Find the line containing "Шар (18''/46 см)" in the listing below. Repeat it exactly, along with each following line up to and including the one containing "山东青岛平度一家庭9名大法弟".
Start of Recorded information
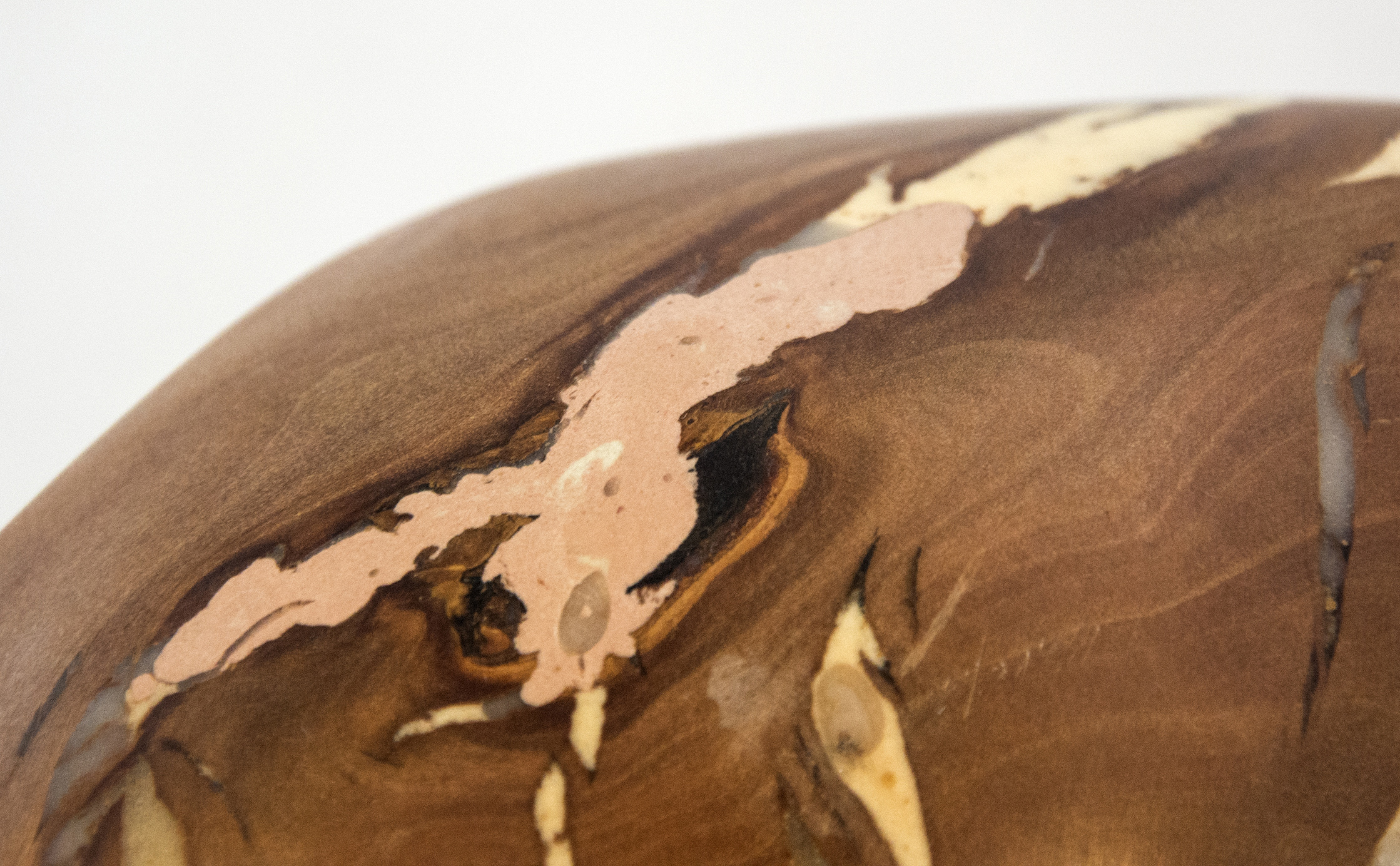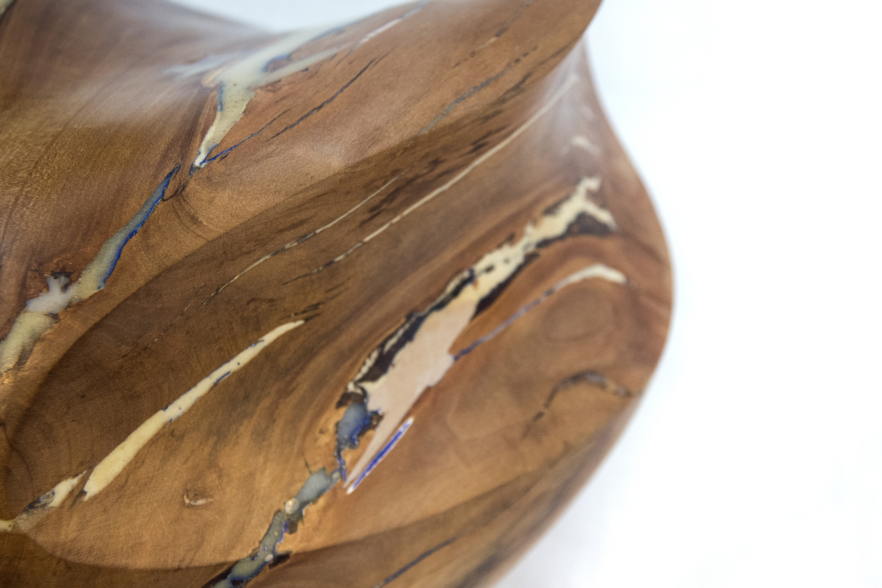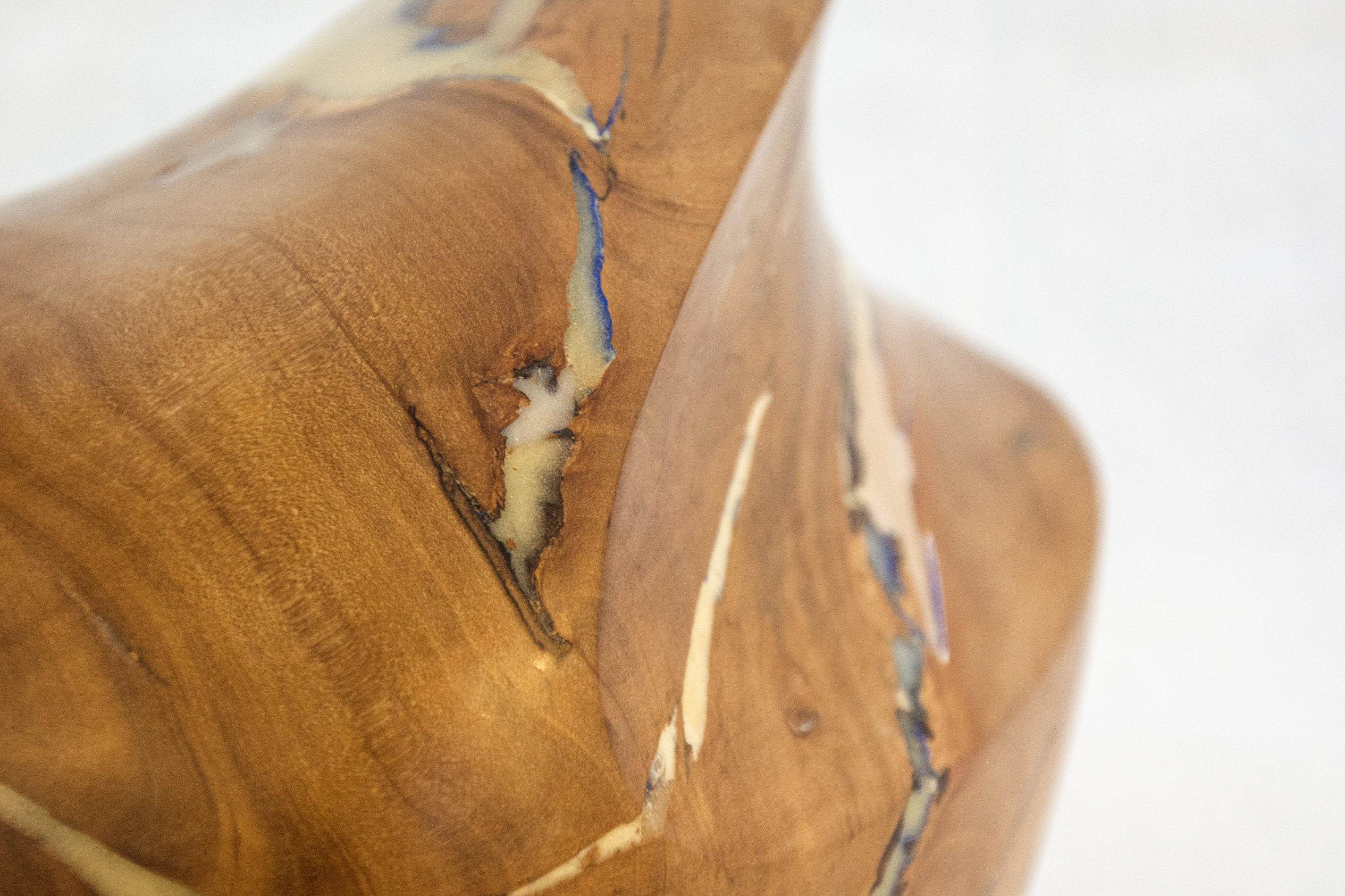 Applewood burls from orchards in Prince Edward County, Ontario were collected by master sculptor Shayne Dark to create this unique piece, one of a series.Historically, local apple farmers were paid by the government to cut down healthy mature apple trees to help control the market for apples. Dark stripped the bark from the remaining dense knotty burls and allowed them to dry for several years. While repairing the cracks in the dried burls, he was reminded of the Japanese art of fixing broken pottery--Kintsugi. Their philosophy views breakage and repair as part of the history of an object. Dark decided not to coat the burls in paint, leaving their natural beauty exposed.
End of Recorded information
Start of Recorded information
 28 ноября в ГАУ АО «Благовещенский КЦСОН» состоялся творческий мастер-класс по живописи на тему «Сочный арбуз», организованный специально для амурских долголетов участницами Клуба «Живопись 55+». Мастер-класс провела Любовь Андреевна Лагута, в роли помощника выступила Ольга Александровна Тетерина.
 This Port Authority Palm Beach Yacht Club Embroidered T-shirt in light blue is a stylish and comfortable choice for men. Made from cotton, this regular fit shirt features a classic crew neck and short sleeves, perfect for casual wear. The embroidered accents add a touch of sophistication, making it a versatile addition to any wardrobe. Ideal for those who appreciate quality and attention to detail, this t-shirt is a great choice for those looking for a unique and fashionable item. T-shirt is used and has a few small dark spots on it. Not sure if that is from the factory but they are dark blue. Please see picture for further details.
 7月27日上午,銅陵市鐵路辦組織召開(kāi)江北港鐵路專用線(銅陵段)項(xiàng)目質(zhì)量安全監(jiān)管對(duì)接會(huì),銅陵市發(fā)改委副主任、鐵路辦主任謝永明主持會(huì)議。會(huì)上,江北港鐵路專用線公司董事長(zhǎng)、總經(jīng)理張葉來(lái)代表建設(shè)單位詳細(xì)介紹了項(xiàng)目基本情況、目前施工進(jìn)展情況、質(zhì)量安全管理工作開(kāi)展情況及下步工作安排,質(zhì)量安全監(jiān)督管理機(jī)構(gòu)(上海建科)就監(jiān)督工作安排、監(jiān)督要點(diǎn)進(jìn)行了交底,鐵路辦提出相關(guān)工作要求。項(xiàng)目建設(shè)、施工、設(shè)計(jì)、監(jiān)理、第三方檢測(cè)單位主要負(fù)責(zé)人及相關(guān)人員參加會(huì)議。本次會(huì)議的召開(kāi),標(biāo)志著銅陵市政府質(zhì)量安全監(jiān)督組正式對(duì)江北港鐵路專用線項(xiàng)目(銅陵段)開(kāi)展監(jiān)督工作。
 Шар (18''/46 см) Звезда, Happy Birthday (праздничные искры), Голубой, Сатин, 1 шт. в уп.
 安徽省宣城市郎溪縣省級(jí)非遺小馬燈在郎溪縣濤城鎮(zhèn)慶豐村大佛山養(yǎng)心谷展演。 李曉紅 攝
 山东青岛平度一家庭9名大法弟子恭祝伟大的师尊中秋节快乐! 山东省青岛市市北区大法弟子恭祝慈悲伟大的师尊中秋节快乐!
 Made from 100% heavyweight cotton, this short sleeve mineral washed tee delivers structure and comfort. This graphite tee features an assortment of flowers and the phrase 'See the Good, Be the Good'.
End of Recorded information
(Exercise result)
 Шар (18''/46 см) Звезда, Happy Birthday (праздничные искры), Голубой, Сатин, 1 шт. в уп.
 安徽省宣城市郎溪縣省級(jí)非遺小馬燈在郎溪縣濤城鎮(zhèn)慶豐村大佛山養(yǎng)心谷展演。 李曉紅 攝
 山东青岛平度一家庭9名大法弟子恭祝伟大的师尊中秋节快乐! 山东省青岛市市北区大法弟子恭祝慈悲伟大的师尊中秋节快乐!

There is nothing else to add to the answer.